Go-Jek Partners Coins.ph to Level Up Cashless Finance in the Philippines

By Anne W. | January 18, 2019

Go-Jek, Indonesia’s largest on-demand multi-service platform, has announced a partnership between its payment unit Go-Pay and Philippines-based fintech startup Coins.ph.

Go-Jek will also make a substantial acquisition of shares to support Coins.ph in its rapid expansion. The amount it will invest is yet undisclosed.

As the market leader in mobile wallets in the Philippines, Coins.ph helps customers, even those without a bank account, to easily access financial services including mobile airtime, remittances, and bill payments through their mobile phone. Its users have reportedly grown to over 5 million in under 5 years, and it processes more than 6 million transactions a month.

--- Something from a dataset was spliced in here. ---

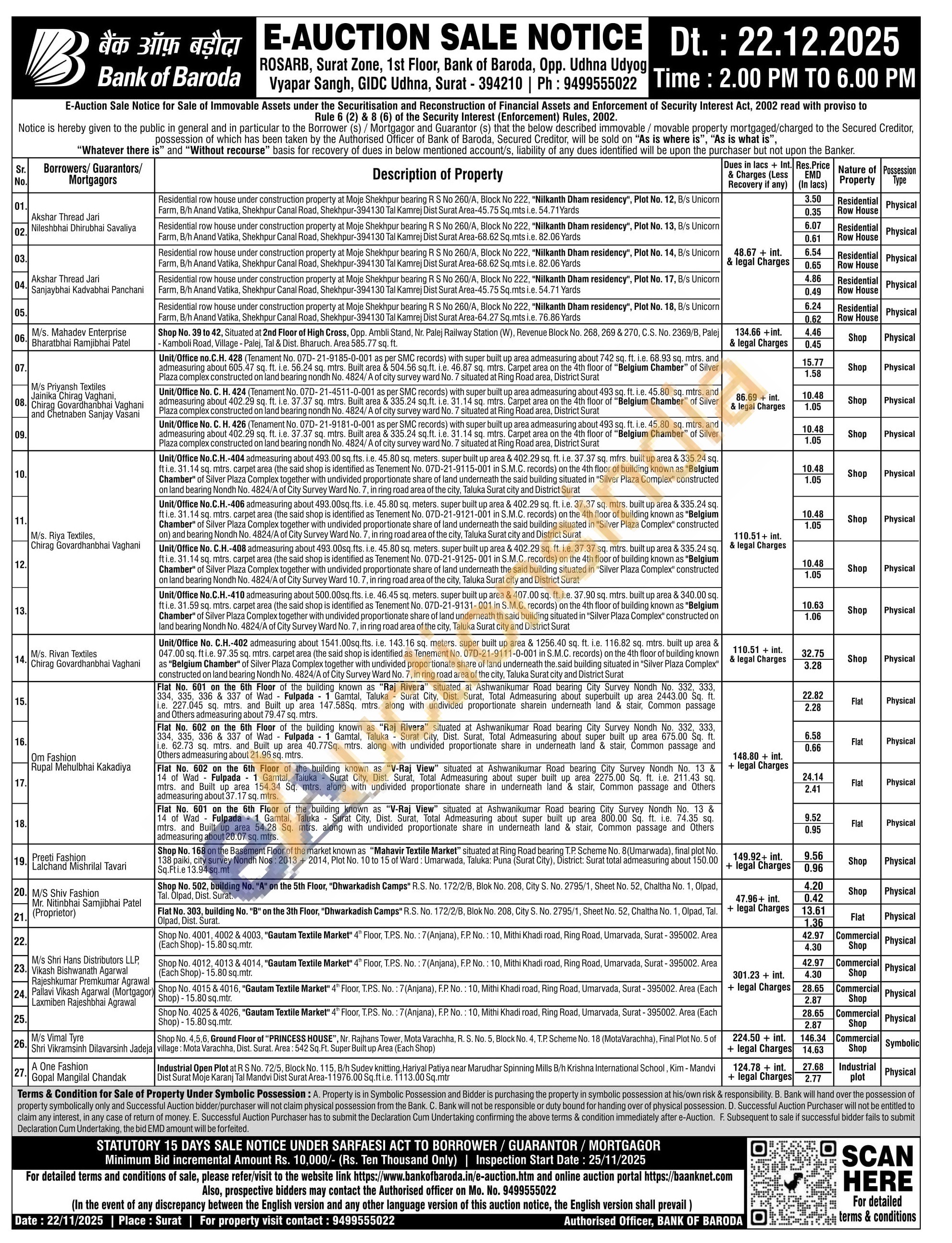 Flat No. 601 on the 6th Floor of the building known as "V-Raj View" situated at Ashwanikumar Road bearing City Survey Nondh No. 13 & 14 of Wad Fulpada 1 Gamtal, Taluka Surat City, Dist. Surat, Total Admeasuring about super built up area 800.00 Sq. ft. i.e. 74.35 sq. mtrs. and Built up area 54.28 Sq. mtrs. along with undivided proportionate share in underneath land & stair, Common passage and Others admeasuring about 20.07 sq. mtrs.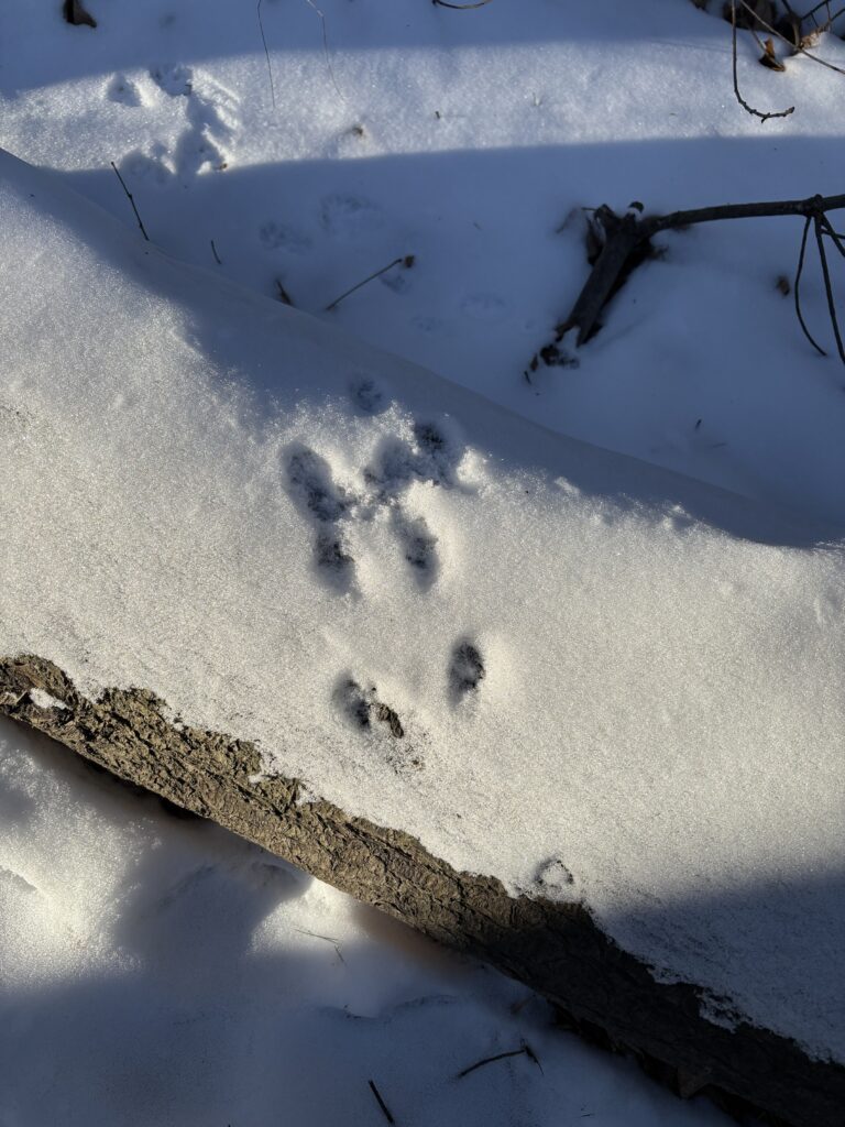 Next, just to the left of the log cross were these tracks, which I believe belong to a Cottontail Rabbit, according to my tracks and scat guide. This bunny hopped all over the place!

The partnership with Go-Pay will potentially bring wider access to critical financial services for the Filipino general public by harnessing Go-Jek’s technological strength and expertise. Go-Pay is the market leader in Indonesia for digital payments, partnered by some 240,000 merchants.

“Coins.ph and Go-Jek share the same vision that has made each a success in their markets, empowering their customers by giving them lower-cost and more convenient access to services. Together we have a tremendous opportunity and by leveraging Go-Jek’s resources and expertise, we can give Filipinos even more convenience, choice, and access to the services they want,” said Ron Hose, Coins.ph founder and CEO.

Go-Pay CEO Aldi Haryopratomo said, “Consumer transaction behavior in Indonesia and the Philippines share many similarities, and together with Coins.ph, we hope to have similar success in accelerating cashless payments in the Philippines.”

Data from WeAreSocial in 2018 has shown that Southeast Asia has one of the highest mobile connectivity rates in the world, with Indonesia and the Philippines clocking higher mobile penetration rates than the worldwide average. However, the Philippine central bank reported in 2017 that the majority of the Filipino population remains unbanked (77%), makes payments primarily in cash (60%) and uses counter services to remit money (over 80%).